If you genuinely see a
significant difference it. is. not. because. of. pixel. density. It's because of any number of other factors specific to your display and/or you. Such as a poor quality(or defective) matte layer and/or the physical size of elements on one display don't match the other(did you ever bother to check this?) and/or differences in brightness/contrast and/or incorrect/mismatched sharpness settings and/or your vision isn't what you think it is etc...
I guess it's possible for something like a really crappy matte layer to create a
significant difference, but I've never personally seen one that bad, and I've used dozens of brands over the years. But this is mostly besides the point and I am still essentially right.
If you run perfect 1440p@2x on the 5K display and equivalent 'looks like 1440p' scaling on a 4K display, MacOS renders the exact same amount of pixels
; 5120x2880. The only difference on the 4K display is that 25% of resolution is lost to downscaling.

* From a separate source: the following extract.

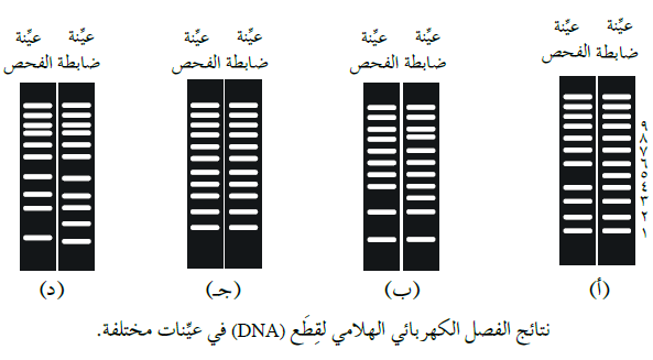 يُشخَّص أحد الاختلالات الوراثية بغياب قِطَع من (DNA)، ويظهر في الشكل نتائج الفصل الكهربائي الهلامي للعيِّنة (أ) مقارنة بعيِّنة ضابطة. وقد أثبتت النتائج عدم وجود القطعة (5) في العيِّنة (أ)، وهو ما يدل على وجود اختلاف وراثي لدى صاحبها.

The overwhelming majority of fonts you see in documents, apps, websites etc are all 'typical' sizes. Eg the letter 'e' on this page is ~15x18 pixels at 5K resolution. On a 4K display it's downscaled to ~11x13. The aliased edges of fonts(the part that determines the sharpness of text) are usually only a single pixel wide and the rest is the actual font body and empty space. So most of the additional resolution is literally only one or two extra pixels to the font body. The physical size of one pixel on a 4K display(assuming 27") is 155 microns(0.155mm). On a 5K display it's 116 microns(0.116mm). That's only a difference of 39 microns(0.039mm). So only 39 micron reduction in width to the aliasing edges and maybe 39-78 micron increase in density to the font body. The difference between 185 vs 218ppi is
even smaller than that.
So statements such as yours and those I quoted
here being due to pixel density are patently false. It doesn't matter if you have perfect human vision, and eye disorder or anything in-between, the laws of physics of the universe in which we currently exist do not allow them to be true. If the physical size of elements on both displays match, there is no
significant difference, unless you're running super tiny fonts everywhere all the time and sit ~25cm away like an idiot.
If you don't agree with any of this you can whip out a calculator and macro lens and check for yourself, or maybe try a 4K display that doesn't use wax paper as the cover layer.
@Lyoha please read conversations in their entirety before replying with the same incorrect assumptions at least two other people have already been corrected on.